A deficiency of iodine leads to decreased production of T3 and T4, enlarges  the thyroid tissue and will cause the disease known as goitre.

Thyroid hormones are transported by Thyroid-Binding Globulin

Thyroxine binding globulin (TBG), a glycoprotein binds T4 and T3 and has the capacity to bind 20 μg/dL of plasma.

Diseases

1. Hyperthyroidism (an example is Graves Disease) is the clinical syndrome caused by an excess of circulating free thyroxine, free triiodothyronine, or both. It is a common disorder that affects approximately 2% of women and 0.2% of men.

2 Hypothyroidism (an example is Hashimoto’s thyroiditis) is the case where there is a deficiency of thyroxine, triiodiothyronine, or both.

CLASSIFICATION OF LIPIDS

Lipids are classified as follows:

1. Simple lipids: Esters of fatty acids with various alcohols.

(a) Fats: Esters of fatty acids with glycerol. Oils are fats in the liquid state. A long-chain carboxylic acid; those in animal fats and vegetable oils often have 12–22 carbon atoms.

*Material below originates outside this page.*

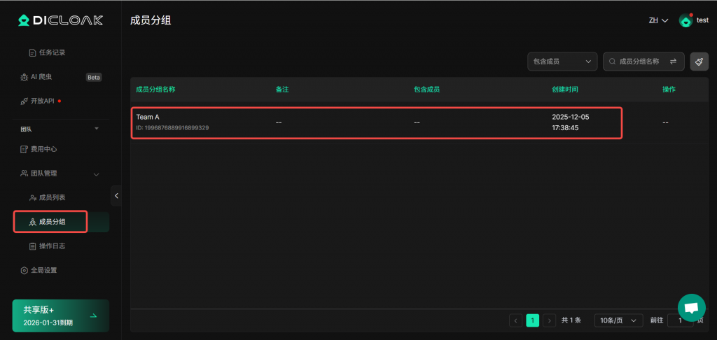 - 打开并登录DICloak软件,在左部导航栏找到【团队管理】,点击【成员分组】,然后点击【创建成员分组】开始新的分组创建。
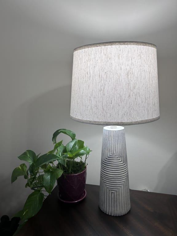 Brighten the ambiance while showcasing your personal taste with the White Wash Geo Lamp. The wash finish lends a rustic yet contemporary touch, effortlessly elevating any space. Whether you're curling up with a good book or entertaining guests, this lamp is sure to create a warm and inviting atmosphere.

(b) Waxes: Esters of fatty acids with higher molecular weight monohydric alcohols. Waxes are carboxylic acid esters, RCOOR’ ,with long, straight hydrocarbon chains in both R groups

2. Complex lipids: Esters of fatty acids containing groups in addition to an alcohol and a fatty acid.

(a) Phospholipids: Lipids containing, in addition to fatty acids and an alcohol, a phosphoric acid residue. They frequently have nitrogen containing bases and other substituents,

Eg  glycerophospholipids the alcohol is glycerol

     sphingophospholipids the alcohol is sphingosine.

(b) Glycolipids (glycosphingolipids): Lipids containing a fatty acid, sphingosine, and carbohydrate. These lipids contain a fatty acid, carbohydrate and nitrogenous base. The alcohol  is sphingosine, hence they are also called as glycosphingolipids. Clycerol  and phosphate  are absent  

e.g., cerebrosides, gangliosides.

(c) Other complex lipids: Lipids such as sulfolipids and aminolipids. Lipoproteins may also be placed in this category.

3. Precursor and derived lipids: These include fatty acids, glycerol, steroids, other alcohols, fatty aldehydes, and ketone bodies, hydrocarbons, lipid soluble vitamins, and hormones. Because they are uncharged, acylglycerols (glycerides), cholesterol, and cholesteryl esters are termed neutral lipids

4. Miscellaneous lipids: These include a large number of compounds possessing the characteristics of lipids e.g., carotenoids, squalene, hydrocarbons such as pentacosane (in bees wax), terpenes etc.

NEUTRAL LIPIDS: The lipids which are uncharged are referred to as neutral lipids. These are mono-, di-, and triacylglycerols, cholesterol and cholesteryl esters.